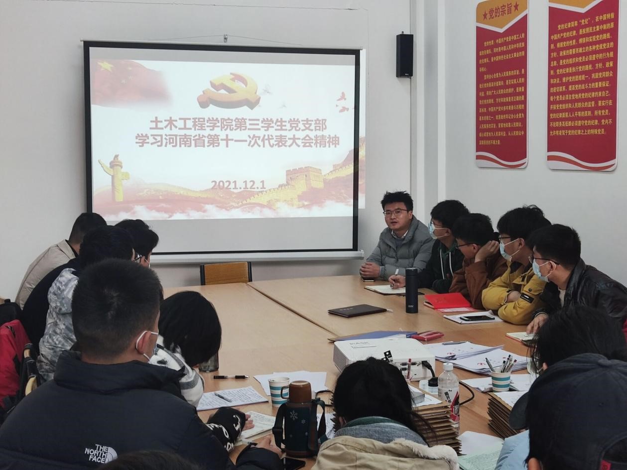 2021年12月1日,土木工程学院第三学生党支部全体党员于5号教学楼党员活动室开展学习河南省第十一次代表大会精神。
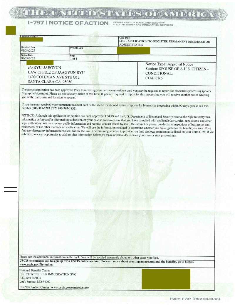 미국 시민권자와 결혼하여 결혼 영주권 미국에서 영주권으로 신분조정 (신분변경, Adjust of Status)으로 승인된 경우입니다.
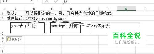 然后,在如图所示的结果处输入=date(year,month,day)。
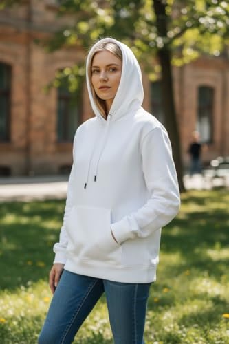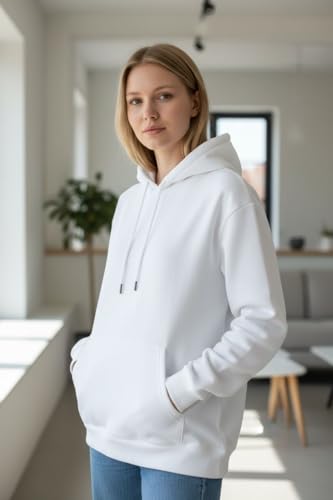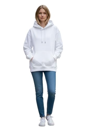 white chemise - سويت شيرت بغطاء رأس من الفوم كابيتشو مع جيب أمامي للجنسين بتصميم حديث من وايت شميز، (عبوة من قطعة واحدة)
#####
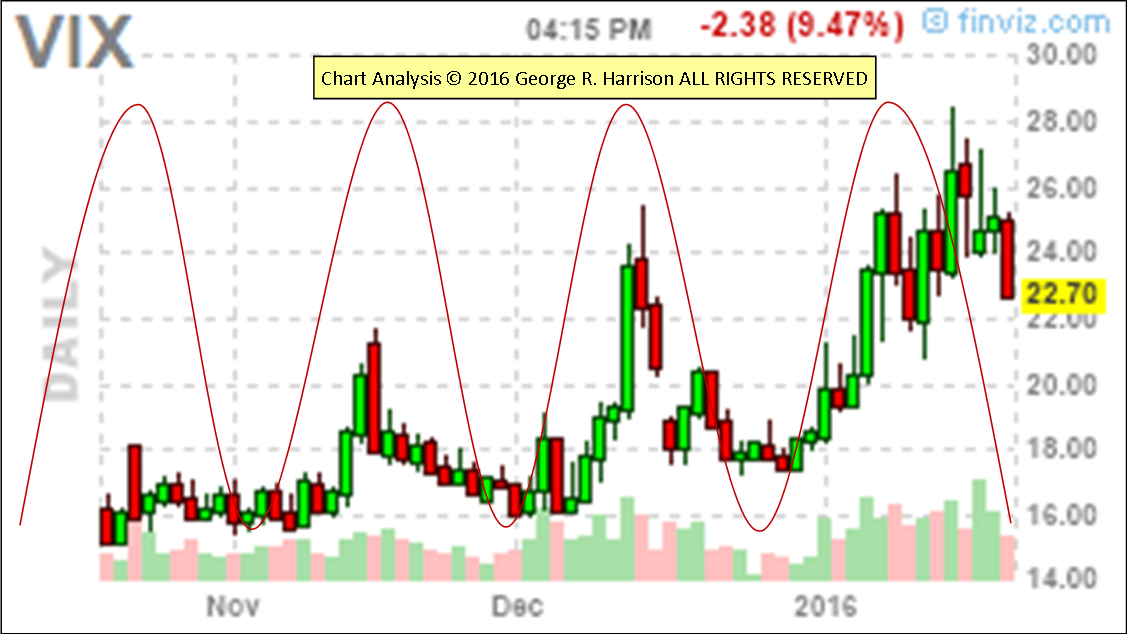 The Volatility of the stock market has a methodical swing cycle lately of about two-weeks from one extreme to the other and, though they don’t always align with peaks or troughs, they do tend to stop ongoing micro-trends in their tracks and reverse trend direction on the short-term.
#####
Keep to the lines above from the line with "然后,在如图所示的结果处输入=date(year,month,day)。" to the line with "white chemise - سويت", and set down exactly those, inclusive, with nothing else and every picture left out.

- _Reply_:
 然后,在如图所示的结果处输入=date(year,month,day)。
 white chemise - سويت شيرت بغطاء رأس من الفوم كابيتشو مع جيب أمامي للجنسين بتصميم حديث من وايت شميز، (عبوة من قطعة واحدة)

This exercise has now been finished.